I'm applying yolov5 on kitti raw image [C, H, W] = [3, 375, 1242]. Therefore I need to pad the image so that the H and W being dividable by 32. I'm using nn.ReplicationPad2d
to do the padding: [3, 375, 1242] -> [3, 384, 1248].
In the official tutorial of nn.ReplicationPad2d
it was said that we give a 4-tuple to indicate padding sizes for left, right, top and bottom.
The Problem is:
When I give a 4-tuple (0, pad1, 0, pad2), it claims that: 3D tensors expect 2 values for padding
When I give a 2-tuple (pad1, pad2), the pad can be implemented but it seems that only W was padded by pad1+pad2, while H stays unchanged. Because I 'll get a tensor of size [3, 375, 1257].
1257-1242 = 15 = 9+6, where 9 was supposed to pad H and 6 pad W.
I could not figure out what is the problem here...
thanks in advance
Here is my code:
def paddingImage(img, divider=32):
if img.shape[1]%divider != 0 or img.shape[2]%divider != 0:
padding1_mult = int(img.shape[1] / divider) + 1
padding2_mult = int(img.shape[2] / divider) + 1
pad1 = (divider * padding1_mult) - img.shape[1]
pad2 = (divider * padding2_mult) - img.shape[2]
# pad1 = 32 - (img.shape[1]%32)
# pad2 = 32 - (img.shape[2]%32)
# pad1 = 384 - 375 # 9
# pad2 = 1248 - 1242 # 6
#################### PROBLEM ####################
padding = nn.ReplicationPad2d((pad1, pad2))
#################### PROBLEM ####################
return padding(img)
else:
return img
Where img
was given as a torch.Tensor
in the main function:
# ...
image_tensor = torch.from_numpy(image_np).type(torch.float32)
image_tensor = paddingImage(image_tensor)
image_np = image_tensor.numpy()
# ...
PyTorch expects the input to ReplicationPad2d to be batched image tensors. Therefore, we can unsqueeze to add a 'batch dimension'.
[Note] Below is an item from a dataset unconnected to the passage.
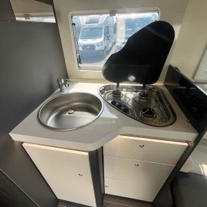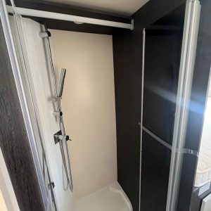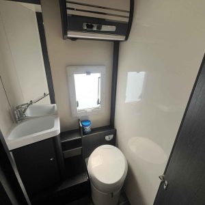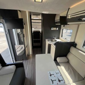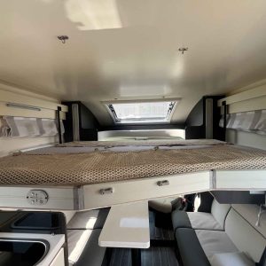 Su diseño interior brilla por la funcionalidad, integrando un aseo con ducha independiente que garantiza total privacidad y comodidad en cada ruta. Bajo la zona de descanso trasera, se oculta un generoso garaje posterior con doble acceso, ofreciendo un gran espacio de almacenaje para bicicletas o equipamiento de aventura.

def paddingImage(img, divider=32):
if img.shape[1]%divider != 0 or img.shape[2]%divider != 0:
padding1_mult = int(img.shape[1] / divider) + 1
padding2_mult = int(img.shape[2] / divider) + 1
pad1 = (divider * padding1_mult) - img.shape[1]
pad2 = (divider * padding2_mult) - img.shape[2]
# pad1 = 32 - (img.shape[1]%32)
# pad2 = 32 - (img.shape[2]%32)
# pad1 = 384 - 375 # 9
# pad2 = 1248 - 1242 # 6
padding = nn.ReplicationPad2d((0, pad2, 0, pad1))
# Add a extra batch-dimension, pad, and then remove batch-dimension
return torch.squeeze(padding(torch.unsqueeze(img,0)),0)
else:
return img
Hope this helps!
EDIT As GoodDeeds mentions, this is resolved with later versions of PyTorch. Either upgrade PyTorch, or, if that's not an option, use the code above.